I Left Him, and I Regretted It—But Only for a While

“I’ve never really had money issues, partly because my parents supported me every step of the way. Then I met my now ex-boyfriend, who spoiled me, and money was simply never a concern.

I was living comfortably and seriously considering settling down with him until I started noticing things I simply couldn’t keep up with. After battling different emotions and weighing whether to stay or leave, I finally made the painful decision to end things.

It wasn’t easy, and I won’t go into the specifics of everything that was wrong but eventually, I walked away.

Nobody prepares you for the shock of being heartbroken and broke at the same time. He was my first serious boyfriend and  in many ways my provider. Aside from the emotional turmoil, I was suddenly and completely broke.

Since we got together, I’d stopped getting money from my parents and they just assumed I was fine from work. The first few months after the breakup were so difficult. My parents sent money, but it wasn’t enough.

I took on extra jobs just to try and maintain the standard of living my ex had introduced me to. In the middle of all this financial panic, I found myself strongly considering going back to him to try and sort out our issues.

Then, one day, I stumbled across a video about how some people intentionally spoil their partner, creating a level of dependence so deep that the partner becomes incapable of leaving or moving on.

If that partner eventually does leave, they feel like no one else can measure up. The ex becomes the subconscious yardstick for every man she meets, and she often finds herself running right back even though everything is screaming not to. 

I was too stunned to speak. The video was short, but devastatingly accurate. It was like a light switch flipped in my head: this was my reality. The fact that I was ready to condone all the wrong things in our relationship just to cling to a certain lifestyle meant something was deeply wrong.

The years I spent with him had rewired my thinking without me even realizing it. I sat for a long time, remembering all the times I brought up business ideas or anything I wanted to do to add value to myself.

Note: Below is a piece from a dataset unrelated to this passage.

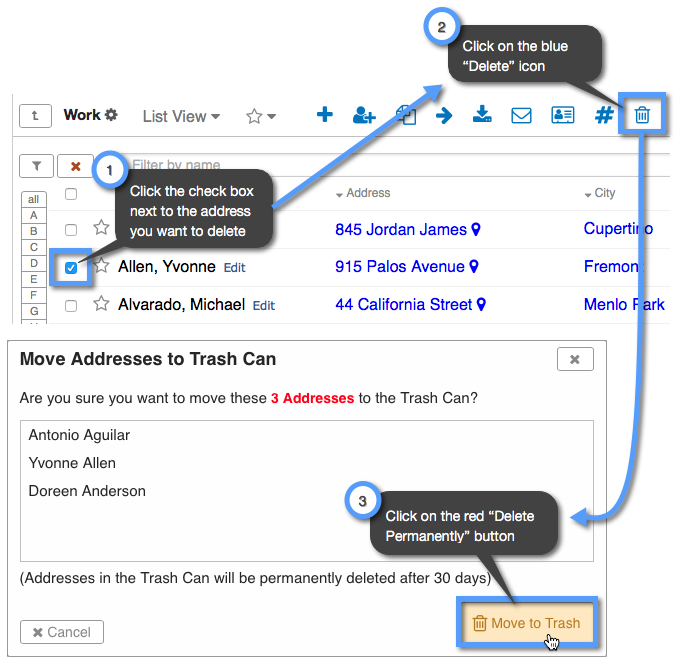 Keep&Share makes it easy for you to manage your addresses by keeping a command bar at the top of your Addresses section: Share, Copy, Move, and Delete. If you haven’t checked the box to the left of any of your addresses, many of the commands will look gray on your screen, because they are not yet “active” — there is nothing to apply them to. After the box has been checked, the commands will look blue to show that they are active & that they can be “applied” to the addresses you’ve selected.

He would just brush it under the carpet and tell me not to worry about such things. I was so foolishly “in love” that I failed to see I wasn’t making any progress as an individual. Yes, I went to school and graduated, but personally, I felt like I had stalled in every other way.

A certain level of interdependence is natural in a serious, long-term relationship. But once that person becomes like an idol or your sole source for everything, that’s your cue to start thinking.

Please, don’t rely on someone else to get by in your life. Go out there and do something. Ask yourself, If this person were no longer here, could you truly survive?

I left my ex, and yes, I regretted it, but only for a while. I committed to planning my life and doing all the things I had put off for years. I am proud to say that I am doing better than I could have ever imagined.

Your life and your happiness should never be solely in the hands of one person.”